Exercise inputs below:

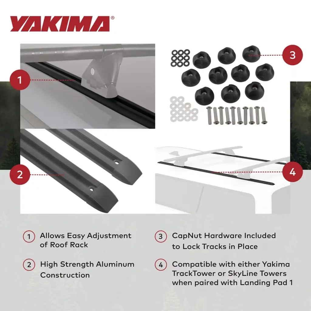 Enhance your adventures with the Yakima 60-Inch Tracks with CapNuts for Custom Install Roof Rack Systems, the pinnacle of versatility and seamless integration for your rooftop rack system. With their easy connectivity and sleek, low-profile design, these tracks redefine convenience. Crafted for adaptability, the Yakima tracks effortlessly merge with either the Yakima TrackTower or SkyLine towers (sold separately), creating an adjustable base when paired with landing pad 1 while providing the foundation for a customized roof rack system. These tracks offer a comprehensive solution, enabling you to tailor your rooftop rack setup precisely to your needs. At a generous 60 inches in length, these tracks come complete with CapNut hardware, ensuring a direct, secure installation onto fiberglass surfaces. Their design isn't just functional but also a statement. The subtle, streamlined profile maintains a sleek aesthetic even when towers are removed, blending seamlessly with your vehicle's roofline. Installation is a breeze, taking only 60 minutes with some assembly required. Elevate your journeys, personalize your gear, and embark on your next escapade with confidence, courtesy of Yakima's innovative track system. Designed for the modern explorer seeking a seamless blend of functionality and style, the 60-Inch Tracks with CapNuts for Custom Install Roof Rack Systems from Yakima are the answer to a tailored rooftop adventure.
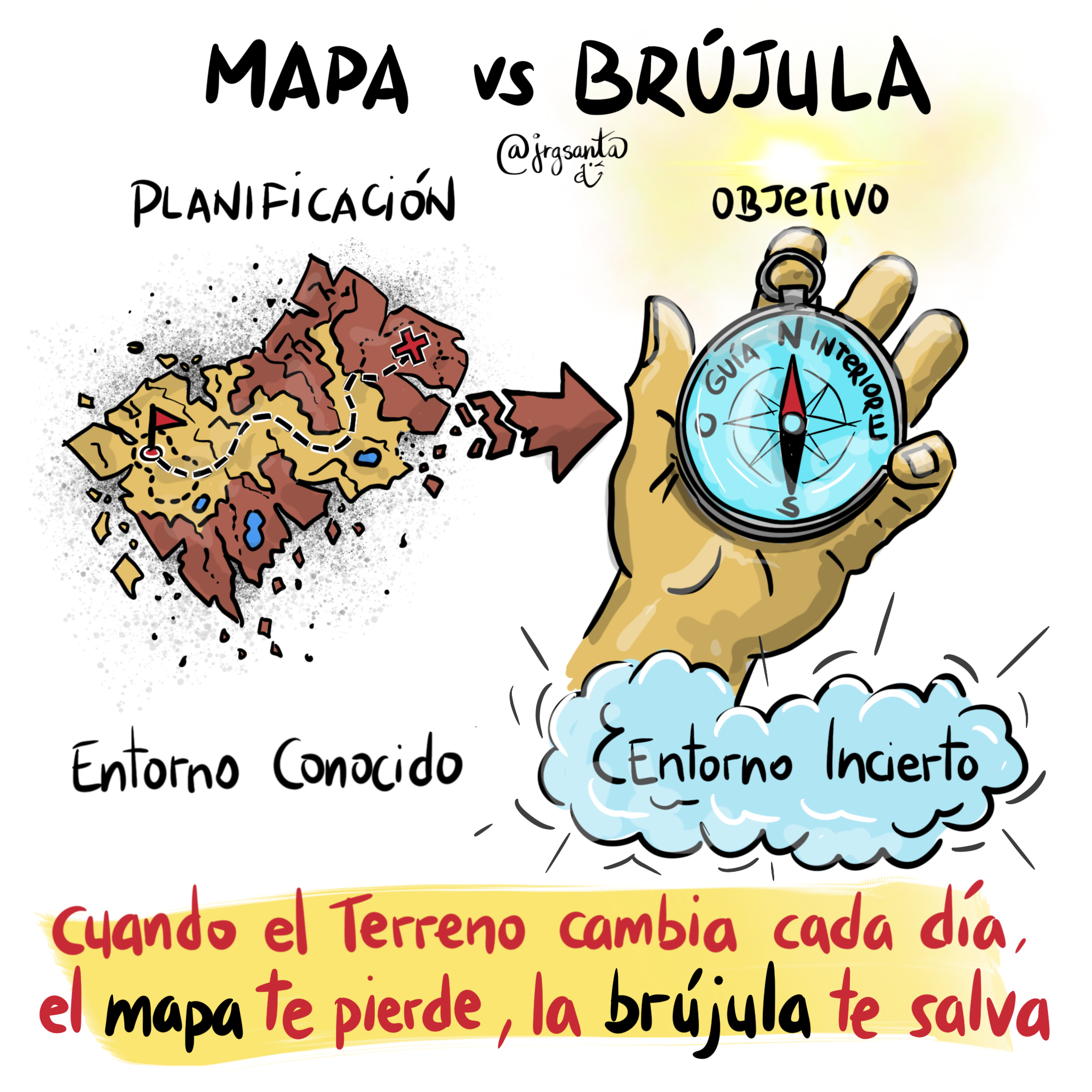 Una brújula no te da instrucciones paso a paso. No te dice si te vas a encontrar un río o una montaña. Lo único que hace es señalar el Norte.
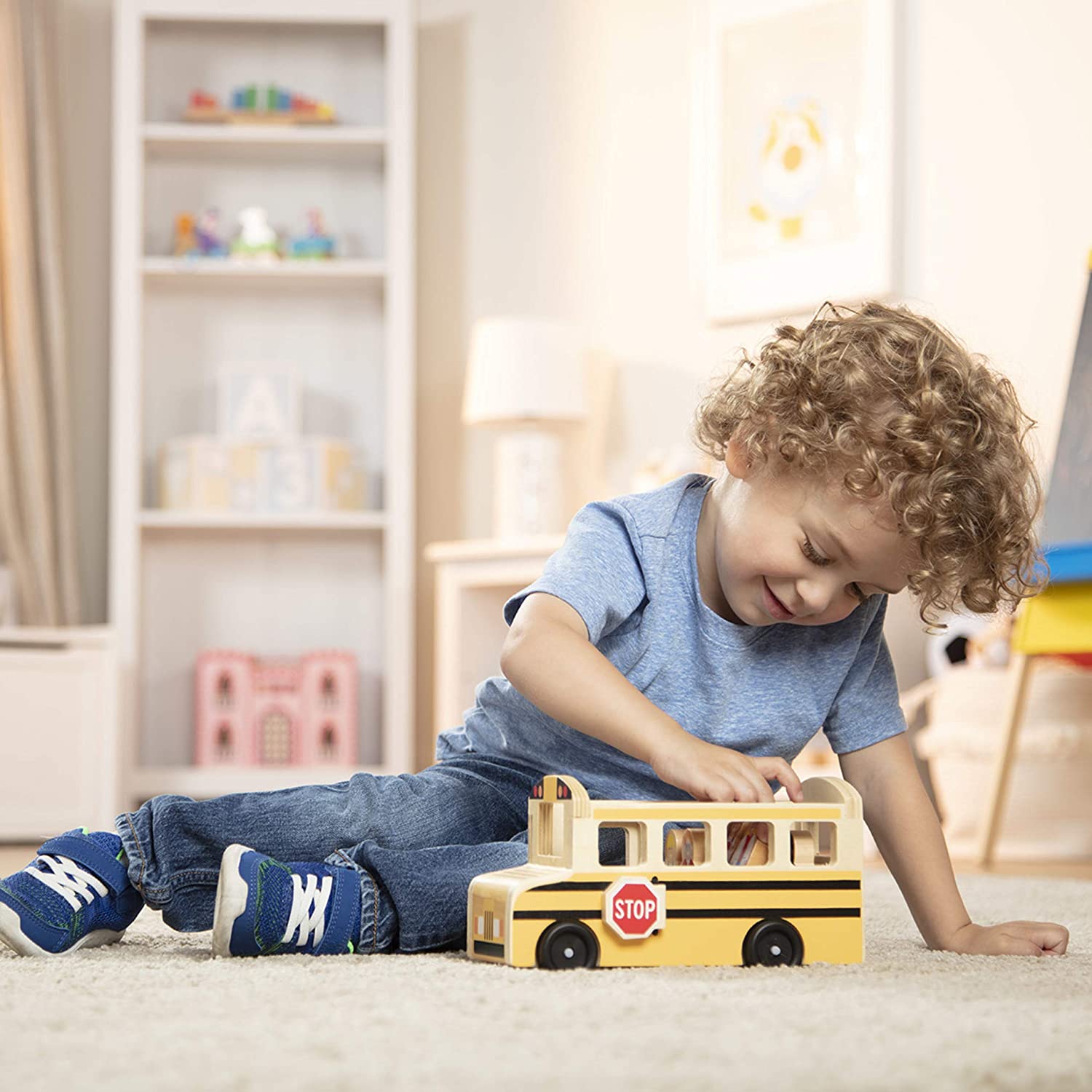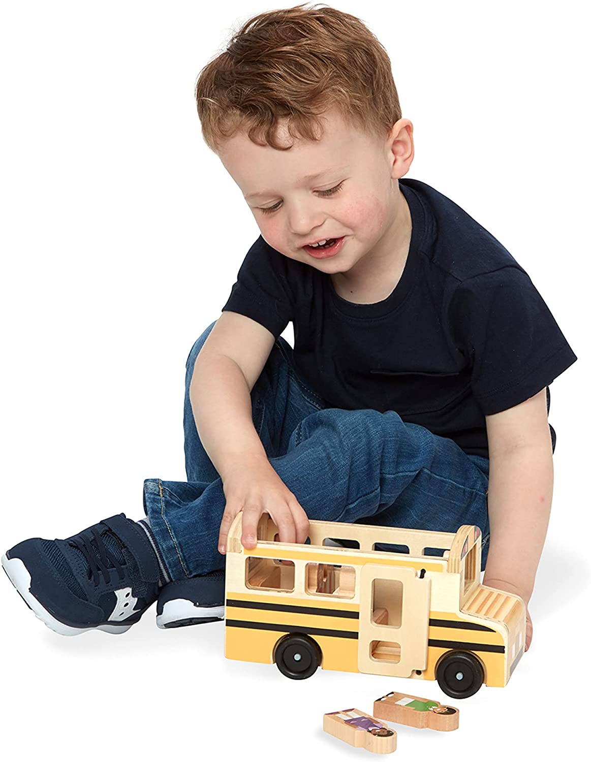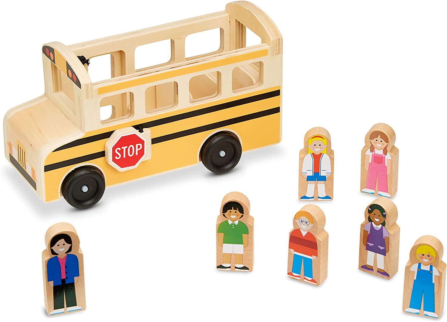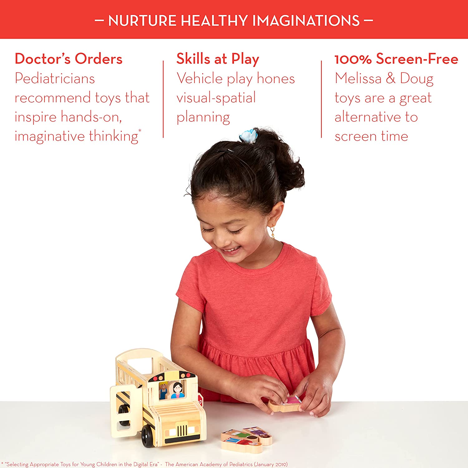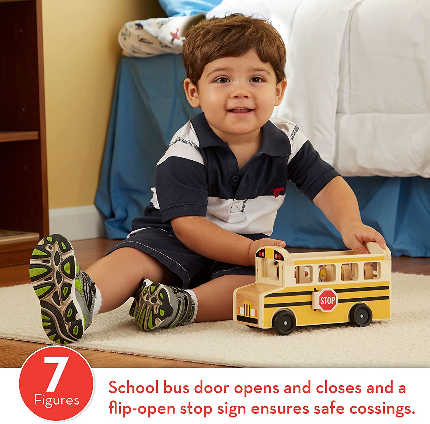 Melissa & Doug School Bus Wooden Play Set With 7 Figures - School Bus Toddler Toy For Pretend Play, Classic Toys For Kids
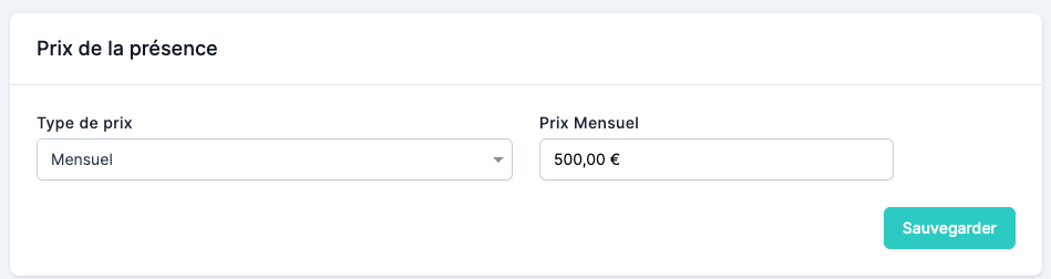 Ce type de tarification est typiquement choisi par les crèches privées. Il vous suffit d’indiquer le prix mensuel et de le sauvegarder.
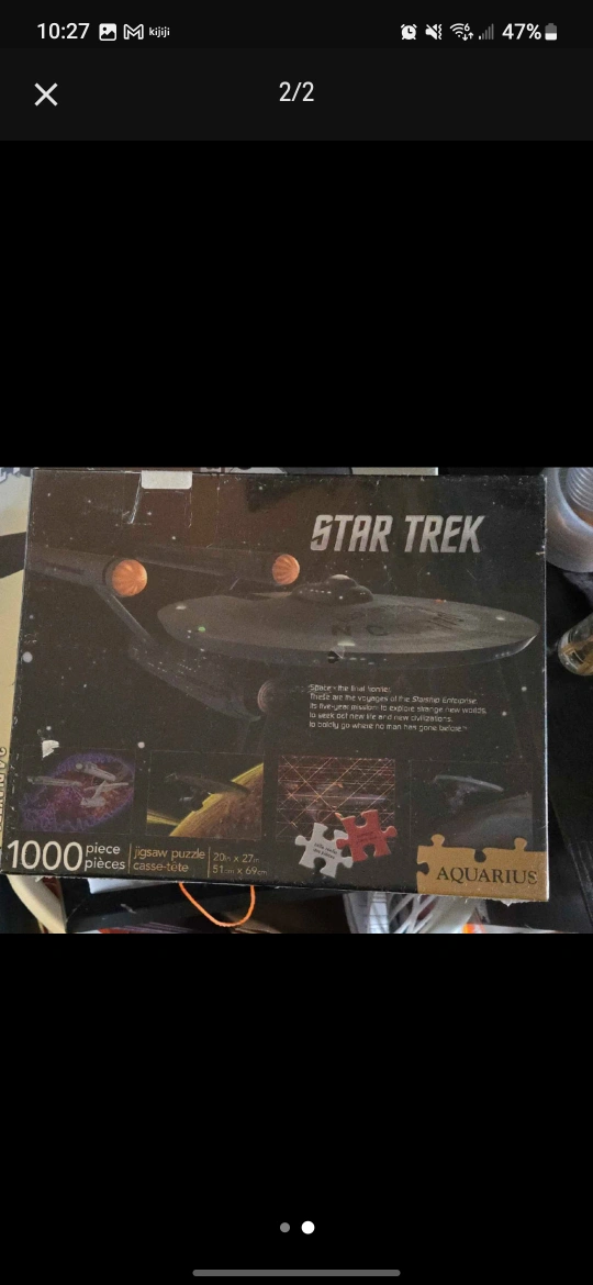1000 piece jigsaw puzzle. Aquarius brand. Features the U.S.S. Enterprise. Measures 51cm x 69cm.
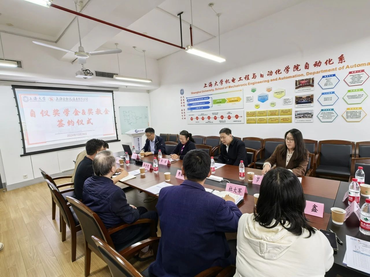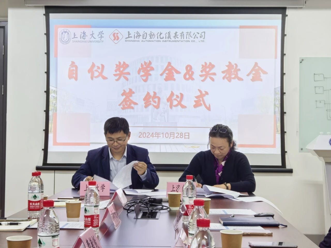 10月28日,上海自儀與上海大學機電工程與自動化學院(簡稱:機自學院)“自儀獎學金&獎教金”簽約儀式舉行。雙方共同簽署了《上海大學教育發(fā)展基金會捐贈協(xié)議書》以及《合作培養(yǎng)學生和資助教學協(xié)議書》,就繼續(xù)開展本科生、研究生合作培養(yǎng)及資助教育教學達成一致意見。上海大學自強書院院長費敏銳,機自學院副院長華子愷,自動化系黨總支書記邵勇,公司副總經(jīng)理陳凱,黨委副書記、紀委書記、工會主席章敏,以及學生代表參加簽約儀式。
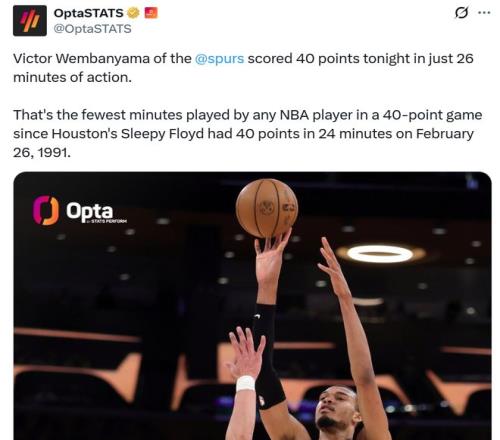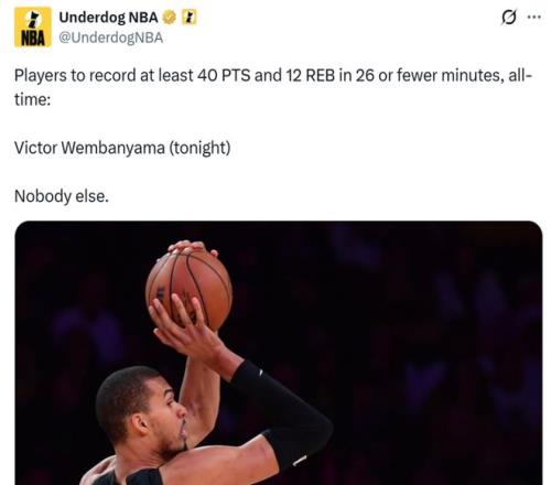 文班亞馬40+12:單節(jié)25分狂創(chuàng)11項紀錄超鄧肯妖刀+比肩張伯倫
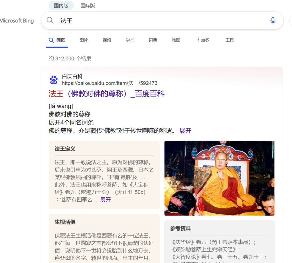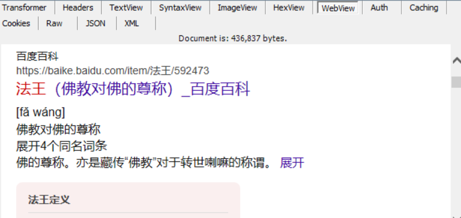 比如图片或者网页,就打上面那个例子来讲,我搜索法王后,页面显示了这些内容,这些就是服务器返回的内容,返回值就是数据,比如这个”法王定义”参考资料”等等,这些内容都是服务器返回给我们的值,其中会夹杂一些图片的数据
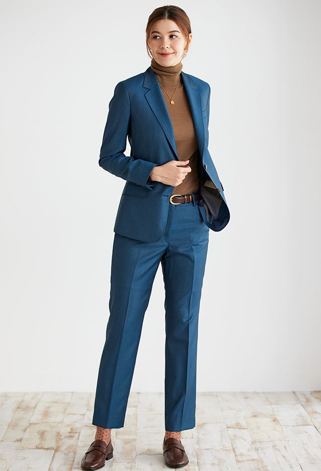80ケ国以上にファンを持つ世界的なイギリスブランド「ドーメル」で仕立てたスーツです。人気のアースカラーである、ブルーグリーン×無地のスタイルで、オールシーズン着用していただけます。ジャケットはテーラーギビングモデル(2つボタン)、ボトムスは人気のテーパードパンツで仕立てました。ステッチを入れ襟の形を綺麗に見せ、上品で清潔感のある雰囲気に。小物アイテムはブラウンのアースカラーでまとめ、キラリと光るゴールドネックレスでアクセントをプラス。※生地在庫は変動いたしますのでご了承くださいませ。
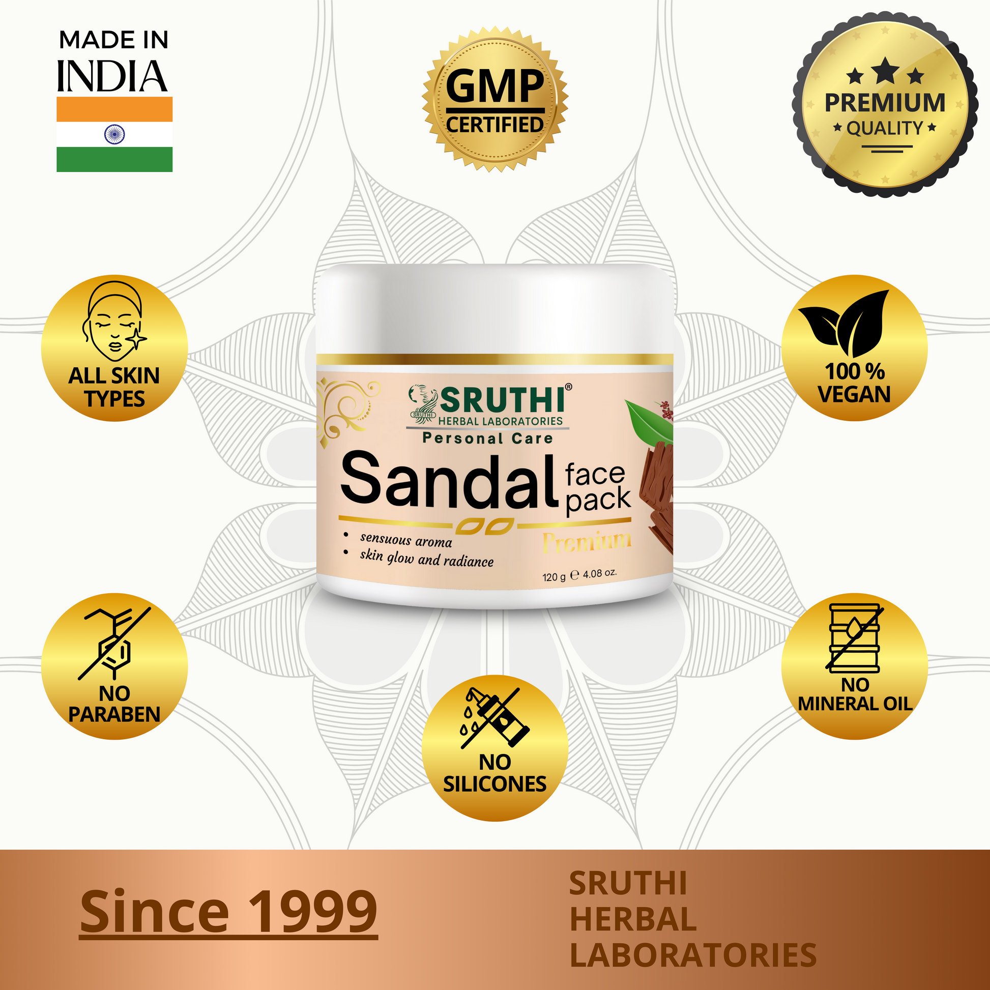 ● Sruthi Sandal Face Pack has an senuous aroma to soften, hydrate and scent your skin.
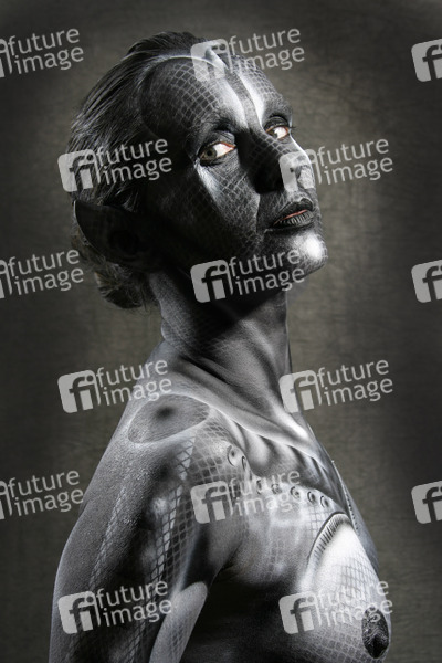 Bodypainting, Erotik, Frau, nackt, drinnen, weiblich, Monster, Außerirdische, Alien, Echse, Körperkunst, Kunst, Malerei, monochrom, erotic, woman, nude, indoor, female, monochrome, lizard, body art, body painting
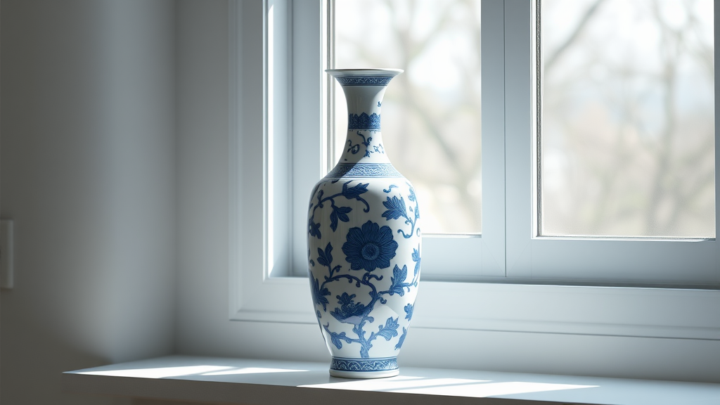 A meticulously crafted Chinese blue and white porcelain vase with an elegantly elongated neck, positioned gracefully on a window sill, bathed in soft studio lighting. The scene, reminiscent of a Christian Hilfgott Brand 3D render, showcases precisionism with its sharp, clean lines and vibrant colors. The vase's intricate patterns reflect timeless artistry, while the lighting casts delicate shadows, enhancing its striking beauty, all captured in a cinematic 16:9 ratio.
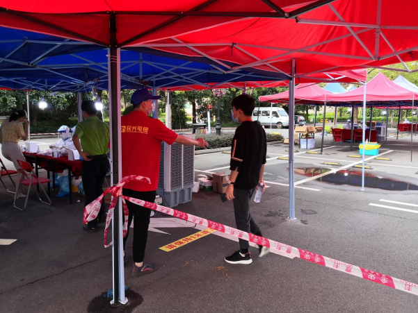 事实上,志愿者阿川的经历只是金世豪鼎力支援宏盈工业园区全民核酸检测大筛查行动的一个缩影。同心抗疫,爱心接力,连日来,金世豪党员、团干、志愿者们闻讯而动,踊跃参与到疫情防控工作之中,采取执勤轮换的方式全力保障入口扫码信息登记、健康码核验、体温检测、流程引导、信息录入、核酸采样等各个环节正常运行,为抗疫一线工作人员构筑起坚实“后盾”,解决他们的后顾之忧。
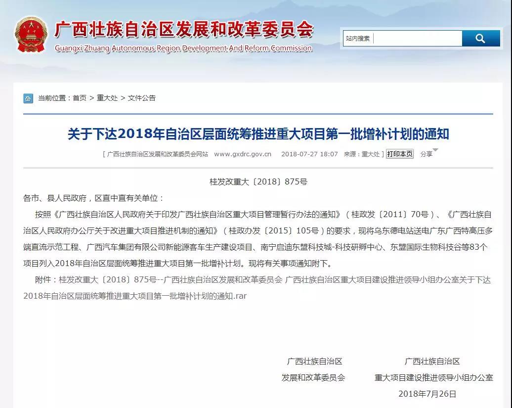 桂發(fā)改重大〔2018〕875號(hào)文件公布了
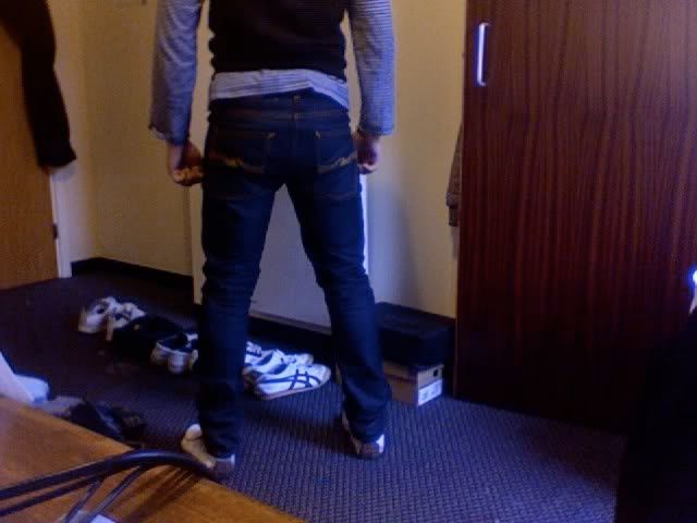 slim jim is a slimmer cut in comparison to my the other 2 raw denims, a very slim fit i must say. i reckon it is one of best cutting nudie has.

End of Exercise inputs.

**Your objective:**
Would you please repeat only the lines above, beginning at the one that has "1000 piece jigsaw" and stopping after the one that has "scent your skin.", exactly and with no pictures?

**Answer:**
1000 piece jigsaw puzzle. Aquarius brand. Features the U.S.S. Enterprise. Measures 51cm x 69cm.
 10月28日,上海自儀與上海大學機電工程與自動化學院(簡稱:機自學院)“自儀獎學金&獎教金”簽約儀式舉行。雙方共同簽署了《上海大學教育發(fā)展基金會捐贈協(xié)議書》以及《合作培養(yǎng)學生和資助教學協(xié)議書》,就繼續(xù)開展本科生、研究生合作培養(yǎng)及資助教育教學達成一致意見。上海大學自強書院院長費敏銳,機自學院副院長華子愷,自動化系黨總支書記邵勇,公司副總經(jīng)理陳凱,黨委副書記、紀委書記、工會主席章敏,以及學生代表參加簽約儀式。
 文班亞馬40+12:單節(jié)25分狂創(chuàng)11項紀錄超鄧肯妖刀+比肩張伯倫
 比如图片或者网页,就打上面那个例子来讲,我搜索法王后,页面显示了这些内容,这些就是服务器返回的内容,返回值就是数据,比如这个”法王定义”参考资料”等等,这些内容都是服务器返回给我们的值,其中会夹杂一些图片的数据
80ケ国以上にファンを持つ世界的なイギリスブランド「ドーメル」で仕立てたスーツです。人気のアースカラーである、ブルーグリーン×無地のスタイルで、オールシーズン着用していただけます。ジャケットはテーラーギビングモデル(2つボタン)、ボトムスは人気のテーパードパンツで仕立てました。ステッチを入れ襟の形を綺麗に見せ、上品で清潔感のある雰囲気に。小物アイテムはブラウンのアースカラーでまとめ、キラリと光るゴールドネックレスでアクセントをプラス。※生地在庫は変動いたしますのでご了承くださいませ。
 ● Sruthi Sandal Face Pack has an senuous aroma to soften, hydrate and scent your skin.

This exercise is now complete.